When I got the Stihl saw, I also got the 2-in-1 filing guide. I tried it once, and it just didn’t seem to be doing much, or doing it very consistently. I probably could have gotten good at it with practice, but I’m lazy, and I consider my time to be valuable.
Instead, however, I started sending my chains out to be sharpened. $8 per chain seemed like a good deal at first, especially if it saved me a bunch of hand filing. However, the first place cut the teeth nearly square. The second place charged me more for the longer chains. The third place cost me shipping one way. None of them came back looking as nice as they had when they were new. Most importantly, the time waiting for sharpening was interfering with my plans to get back out there, which meant I had to own more chains, but I still send them out in smaller batches.
The farm store where I frequently buy supplies for my saw had some no-name saw chain grinder for about $80. However, I decided I better learn more before buying it.
I finally started looking into them today. Harbor Freight has a $30 one that many people claim is the best one available. I watched some videos, and I could see how it was a bit janky compared to the better ones. I suppose if I was a $30 Harbor Freight kind of guy, I could have been quite happy with it, but instead I am a man of means and taste. I ended up ordering an Oregon 520-120, which I’m sure I will serve my needs quite abundantly.
In the process of researching grinders, I had to learn about all the adjustments that apply to different types of chain, which got me looking more closely at saw chains.
When I bought my saw, it came with a 20″ bar and Rapid Micro 3 (RM3) chain. I knew that it didn’t cut as aggressively as other chains, but I didn’t feel like I was in a hurry, and I was happy to have the reduced kick-back inherent in this chain. For a long time, I had tried to stick with RM3, but it has been difficult, because local suppliers often didn’t have it. This is particularly true for my 25″ bar, because I have never found 84-link RM3 chains stocked locally. Whenever I have asked for it, I’ve always been told that they don’t stock it because professionals don’t want it (a nice way of telling me I’m an amateur).

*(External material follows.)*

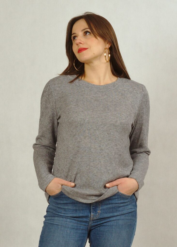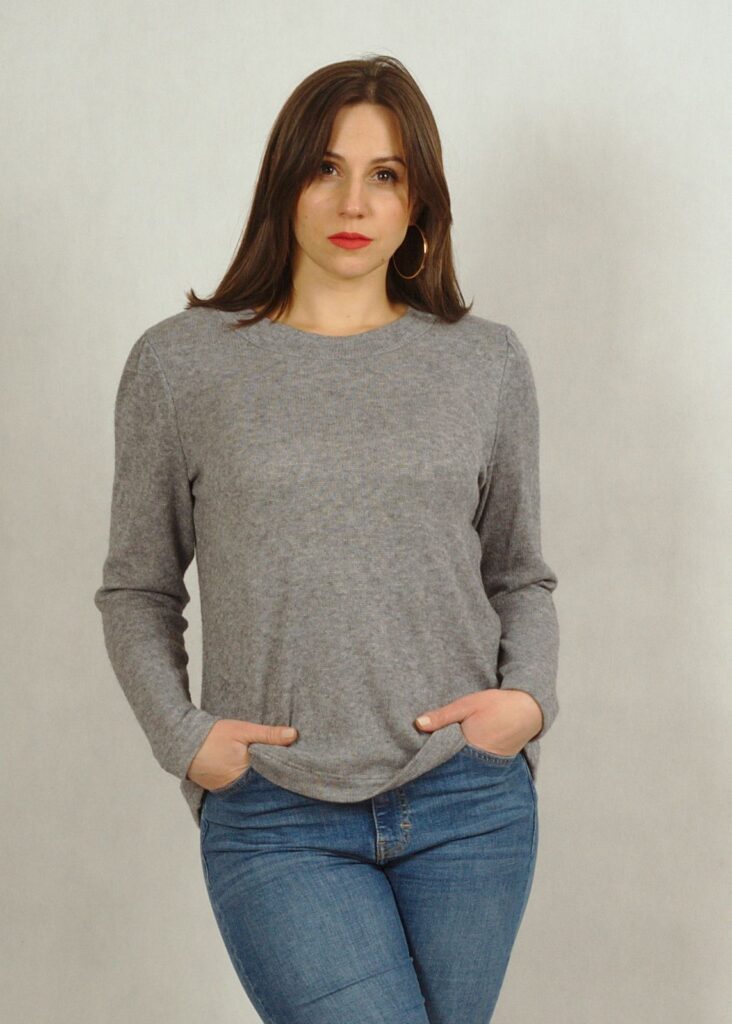 Bluzka jednokolorowa z ciepłej dzianiny z wiskozą.

The market forced me to try RM and RS chain. RM is like RM3, except that it doesn’t have the drive link hump that reduces kick-back. RM was noticeably more aggressive than RM3, and it took me a few minutes to learn how to work with it. RS (Rapid Super) is like RM, but it has a full-chisel tooth instead of the semi-chisel tooth. This is supposed to make it cut more aggressively, but I haven’t been able to tell the difference between RM and RS.
Bending to market forces, I had decided recently to standardize on RS chain for my 25″ bar. I now have several 84-link RS chains and RM3 chains (although my RM3 chains are all in need of sharpening until the grinder arrives).
However, I am beginning to reconsider. Not only is the semi-chisel tooth purported to hold an edge longer, but this especially true in “dirty” conditions. Since trail maintenance frequently involves dead, decaying trees that have been on the ground for some time, I would say that the conditions count as dirty. One of the things I noticed about RS chain is that the angle of attack is more acute (60° instead of 75°), which probably has something to do with the difference in durability.
Therefore, I’m thinking that what I really should be standardizing on is RM chain. I just ordered a few more for my 20″ bar, and I will keep my eye out for some for my 25″ bar.